In the early 1900s, cherry pickers, or bucket trucks as we know them today, were based off of Roman applications that allowed the creation of modernized lifts to reach higher up. Jay Eitel invented the cherry picker out of anger after spending long, hot summer days picking cherries. While maneuvering his ladder, Eitel was determined to invent a smarter way to work.
A Brief History
It wasn’t until after Eitel founded Telsta Corporation, located in Sunnyvale California, that his invention took off. Bell Telephone Company, founded in July of 1877 in Boston, Massachusetts, started using the cherry picker. Soon, the cherry picker was adapted by the telecommunications industry and widely known.
As you can probably guess, the name cherry picker came from the fact that the trucks were used to pick cherries from cherry trees. These trucks had many advantages – they were safer than climbing a ladder, they did little damage to the tree itself, and the trucks made it easier to move from tree to tree.

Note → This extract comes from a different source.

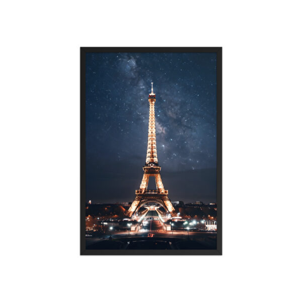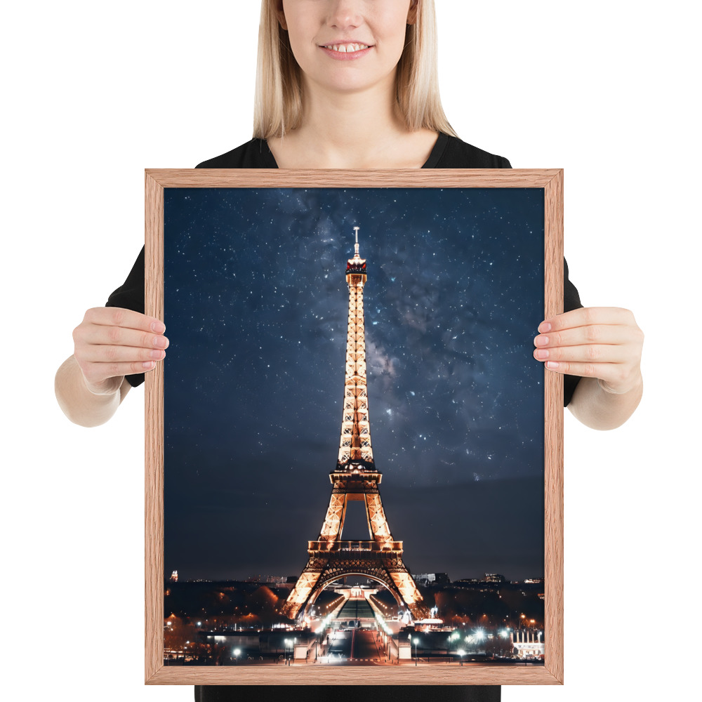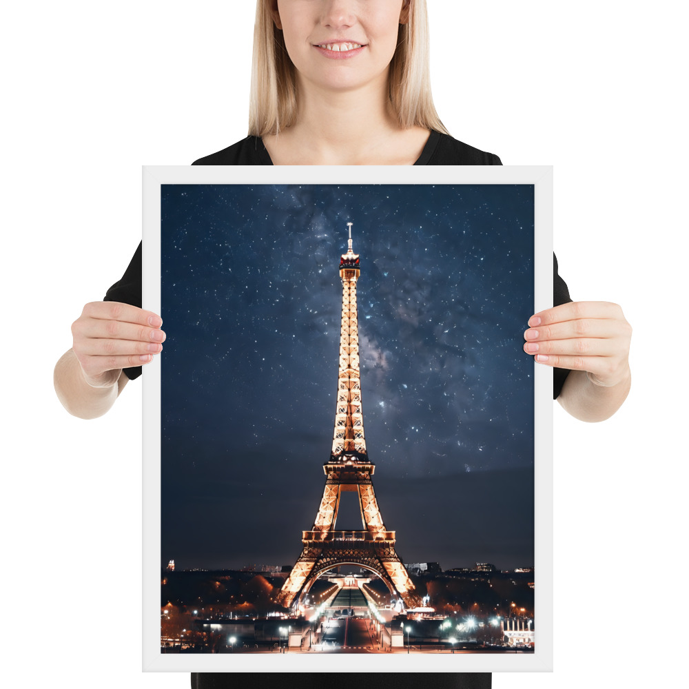 Eiffel Tower & Milky Way – Paris Night Sky Galaxy Framed Matte Poster

As the popularity of the cherry picker began to grow, industries tweaked the truck to their advantage. For example, the utility industry saw this truck with the means of being modified and used to fix utility lines. This opportunity made early lineman work faster as well as safer. Soon enough, the forestry, mining and construction industries picked up on how this truck could benefit them and started using it.
Today, some aspects of the original cherry picker truck are still in use. On newer models, the boom is in a position so that it can be multifunctional throughout different industries. Outriggers are a newer, and more popular, option to add more stability.
As fuel prices are on the rise, so is the cost of purchasing a bucket truck. In response, the truck is evolving, again, to be greener. This evolution will not only be kinder to the environment, but also allow the saving of operational costs. This new design will prompt the smaller size of the bucket truck making it more compact.